Ольга Берггольц, поэт, 32 года, Ленинград:
24/Х-42.
Ненастный день потух. Ненастной ночи мгла
По небу стелется одеждою свинцовой...
Юра уехал до завтра в командировку, я целый день одна, гл<авным> обр<азом> сплю. Очень плохо чувствую себя, - ломает грипп, от которого не в состоянии отделаться вот уже почти месяц, и состояние духа подавленное до предела. Выгляжу отвратительно, осунулась и постарела, под глазами мешки. Ближайшие причины к тяжкому настроению - страх, что уже кончилась беременность: боли внизу живота и то, что временами специфически, знакомо пучится матка, - повергает меня в раздражительное уныние, в тоску... Но с другой стороны, с чего это я вообразила, что все теперь у меня пойдет в жизни, как по маслу? И особенно - в атмосфере всеобщего горя и тягот? Нет, матушка, волочись в тоске и ты! Но так бы хотелось доносить и родить ребенка. Так Юра этого хочет.

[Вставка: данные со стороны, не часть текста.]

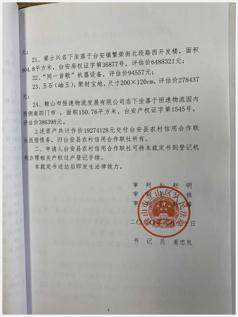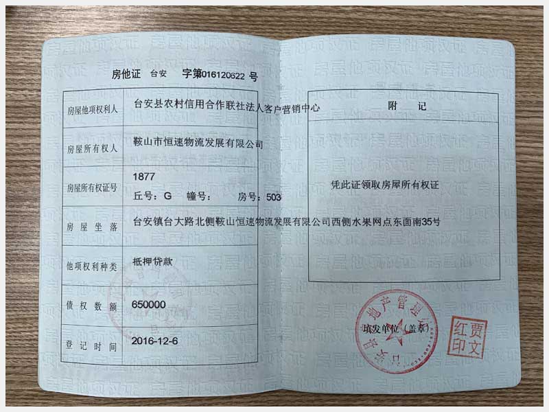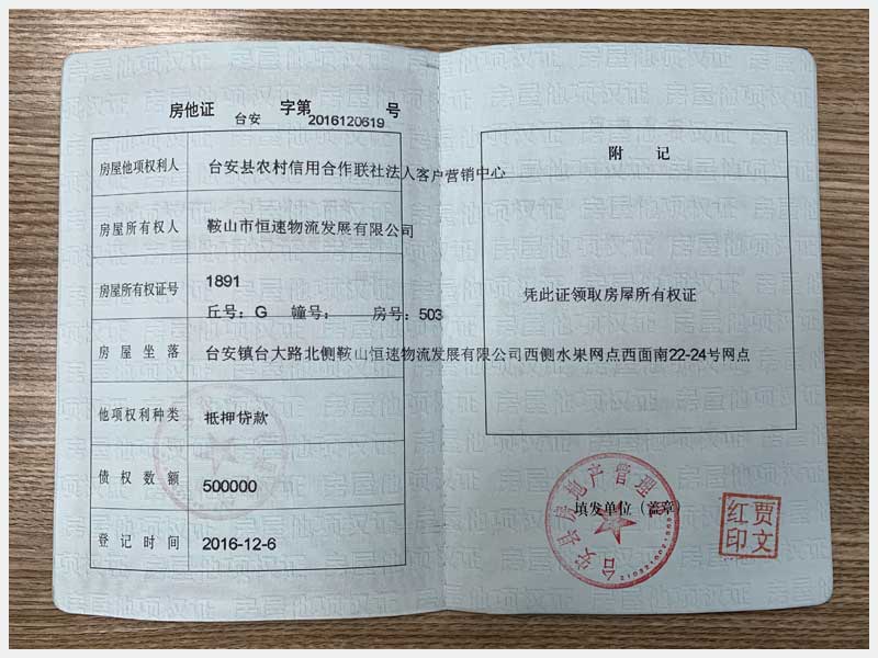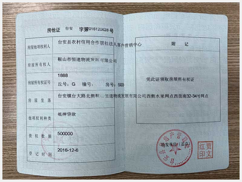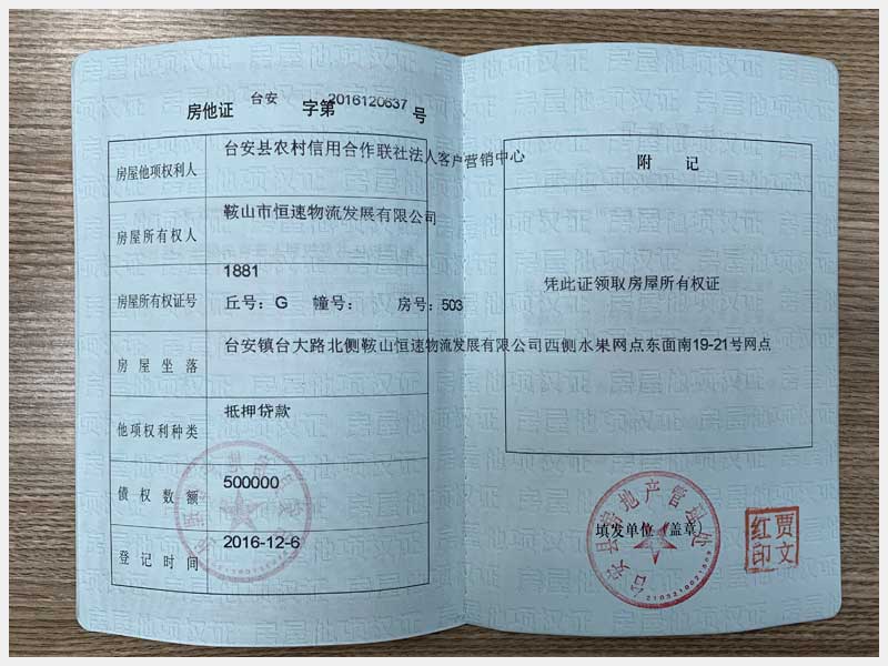 地址:臺(tái)安鎮(zhèn)臺(tái)大路北側(cè)鞍山恒速物流發(fā)展有限公司 標(biāo)的號(hào):71

На днях - третьего дня, пришло ему пять открыток от его бывшей жены, Вали, - и мне было целых два дня не по себе, отчуждалась, отделялась от него: у тебя, мол, - есть другая жизнь, есть сын, которого ты «любишь без ума», есть женщина, с которой ты связан навсегда этим сыном, и, видимо, это-то вы оба и имели в виду, [когда] реши[ла]в завести ребенка в то время, когда собрались разводиться. О, - это на Юрочку похоже. В это время он уже жил с Ириной и «начинал любить ее»... Известие о том, что у него будет ребенок, было для нее, судя по ее письмам, большим потрясением. О, у моего теперешнего мужа была такая путаная, такая нагруженная личная жизнь - до меня, сколько одних т. н. «встреч» было. И часть этой жизни - реально - осталась с ним, - и теперь, при мне: сын, б<ывшая> жена, та же Ирина, приславшая сегодня телеграмму, что она «уезжает Хабаровск, если понадобится, пиши востребования». Я сегодня не отдала ему этой телеграммы. Отдать или нет - вообще? Не отдать - пожалуй, подло.
А все это томит меня, хоть и отдаю отчет, что это недостойно и глупо. Но у меня даже к Андрейке чувство неприязни - это уж совсем гнусно: ведь Коля так нежно, так по-отцовски любил мою Ирочку.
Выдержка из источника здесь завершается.